Godin joined us on a bonus episode of Adweek’s Yeah, That’s Probably an Ad podcast to talk about how marketers can do their jobs better.

This Q&A has been edited for length. Listen to the full interview in the podcast embedded below.

I’m curious about your process and what’s top of mind now?
Godin:
My process has always been the same. I don’t believe everything happens for a reason. I think that everything happens, and then we make up a reason; but in the marketplace, in our culture, there tends to be reliable reasons, causes, effects that we can predict based on how something works or doesn’t work.
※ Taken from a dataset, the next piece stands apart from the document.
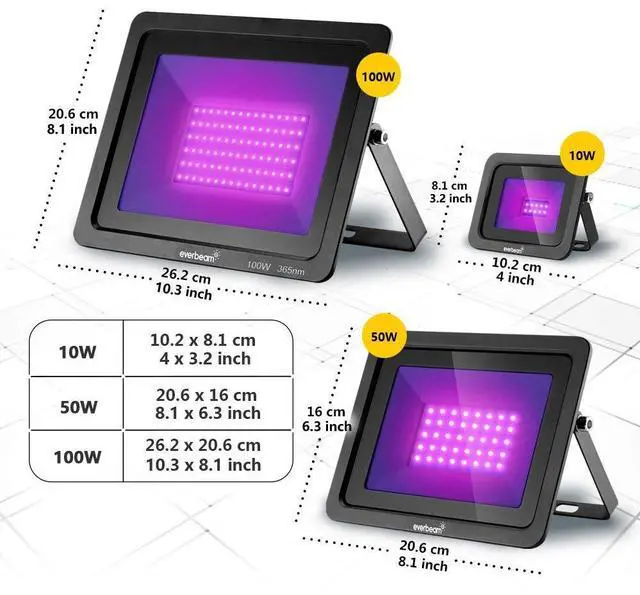 ![]() Everbeam UV flood light 395NM 10W | ![]() Everbeam UV flood light 395NM 50W | ![]() Everbeam UV flood light 365NM 50W | ![]() Everbeam UV flood light 365NM 100W | |

So if I see something in the world and I don’t understand why it’s working, I need to come up with another way to explain culture. Like, why is it that people are waiting in line to buy a Supreme hoodie for $250? If I can’t explain it, then I’m walking around thinking that everything is just magical. And it’s not. What we have is the sum total of how human beings behave. And our job as marketers is to help figure that out.

How does one learn to ride a bike in the marketing world? 
So the altMBA is our flagship; there’s no videos in it. All it is: small groups of people, five are at a time in a cohort of 120, with alumni coaches taking them through 14 prompts. And in the course of a month, they’ll give and get hundreds of pieces of feedback, more feedback than they’ve gotten in their entire career.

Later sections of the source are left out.